Dekan Fakultas Sastra Universitas Kristen Indonesia (UKI) Fajar S. Roekminto pun sampai kepada kesimpulan, pelajar-pelajar Indonesia, termasuk mahasiswa mengalami "kekeringan" imajinasi, gagasan, dan pemikiran. Masalahnya, (maha)siswa jauh dari dunia sastra, sebuah dunia yang sesungguhnya sangat menarik dan menawarkan keindahan sekaligus menyelami hidup dan kehidupan dalam dituangkan para sastrawan. Sastra juga melatih pembacanya (siswa) berpikir logis dan sistematis, sehingga kemudian memudahkan mereka berperan sebagai pemberi solusi (problem solving).
Kritik terhadap pola pembelajaran di sekolah—utamanya dalam bidang studi bahasa dan sastra Indonesia—adalah bagaimana siswa hampir-hampir tidak termotivasi untuk mengenal sastra apalagi menyelaminya. Apalagi sistem pendidikan nasional yang terbaru justru meminggirkan bahasa Indonesia karena "dianggap" tidak mampu menjadi bahasa sains dan berupaya menggantinya dengan bahasa asing (bahasa Inggris) yang "dianggap" lebih mampu menjelaskan sebuah ilmu pengetahuan. Semakin jauhlah siswa dengan bahasa dan sastra Indonesia.
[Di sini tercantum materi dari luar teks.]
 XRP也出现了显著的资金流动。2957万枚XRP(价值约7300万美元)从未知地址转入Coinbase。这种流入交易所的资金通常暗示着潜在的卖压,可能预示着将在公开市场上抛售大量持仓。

Oleh karena itu, penyelenggaraan Kemah Bahasa dan Sastra Se-Provinsi Lampung di Gadingrejo, Pringsewu, 28-30 Oktober, yang diselenggarakan atas SMAN 1 Gadingrejo, UKI, dan Lampung Post menjadi oasis bagi kehidupan sastra yang selama ini seolah kesepian dan pelajar yang selama ini jauh (dijauhkan) dari sastra. Pembicara-pembicara seperti budayawan Arswendo Atmowiloto, Wakil Pemimpin Umum Lampung Post Djadjat Sudradjat, akademisi Unila Mulyanto Widodo, dan Ali Imron, serta seniman-sastrawan-jurnalis seperti Iswadi Pratama, Ari Pahala Hutabarat, Hermansyah G.A., Syafril Yamin, dan Udo Z. Karzi bisa menjadi "provokator" untuk menebar bibit-bibit sastra di lahan yang (seharusnya) subur: para siswa.
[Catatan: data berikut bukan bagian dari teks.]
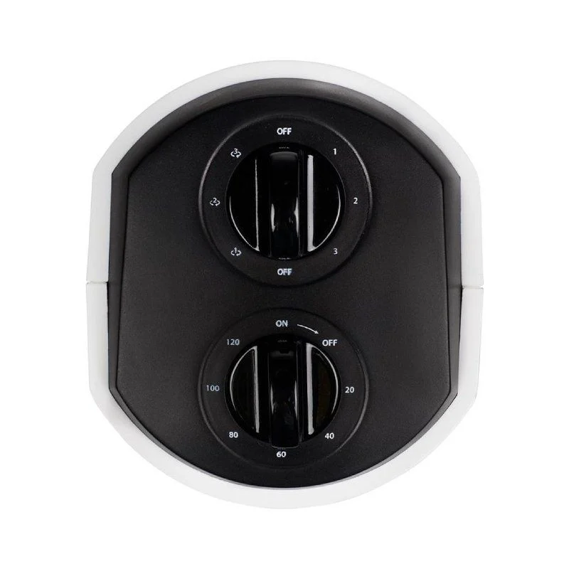 El ventilador de torre Tristar puede girar 80 grados sobre su base, por lo que podrá disfrutar de una brisa fresca en cualquier punto de la habitación. Con su práctico botón giratorio en la parte superior, puede seleccionar fácilmente una de las tres velocidades de flujo de aire. Así podrá disfrutar de la cantidad adecuada de aire fresco para cada habitación en cualquier momento.

"Menulis bisa dijadikan sebagai profesi baru tanpa menghalangi cita-cita dan pekerjaan sebelumnya," kata Arswendo. Menurut penulis buku Mengarang Itu Gampang ini, menulis menyenangkan karena segala sesuatu dapat dijadikan sebagai bahan tulisan. Namun, menulis bukan bakat instan yang datang begitu saja. "Menulis merupakan bakat yang diperoleh dengan latihan terus-menerus dan berkelanjutan," kata dia.
Djadjat Sudradjat menegaskan penulis adalah profesi terhormat. Banyak nama besar di Tanah Air karena profesinya sebagai penulis dibandingkan profesi aslinya.
Pada sesi klinik sastra, siswa secara langsung mendiskusikan dan mempraktekkan bagaimana cara menulis puisi, cerpen, sastra lisan Lampung, dan artikel untuk media massa. Sesi ini terasa lebih menyentuh karena siswa bertemu muka dengan seniman, sastrawan, dan wartawan yang paling tidak karena pengalamannya bisa berbagi ilmu tentang kiat menulis. Wawasan internasional peserta kemah ditambah pula dengan kehadiran tujuh wakil kedutaan besar dalam acara ini.
Memang, hasil Kemah Bahasa dan Sastra tidak langsung terlihat dalam sehari dua atau setahun dua. Sebab, kemampuan menulis memang bukan sesuatu dengan instan mudah didapat, melainkan melalui proses berlatih dan belajar terus-menerus. Paling tidak Kemah Bahasa dan Sastra ini mampu memberi motivasi siswa untuk mulai menyukai sastra.
Semoga Kemah Bahasa dan Sastra ini bisa mendorong tingkat literasi di kalangan siswa.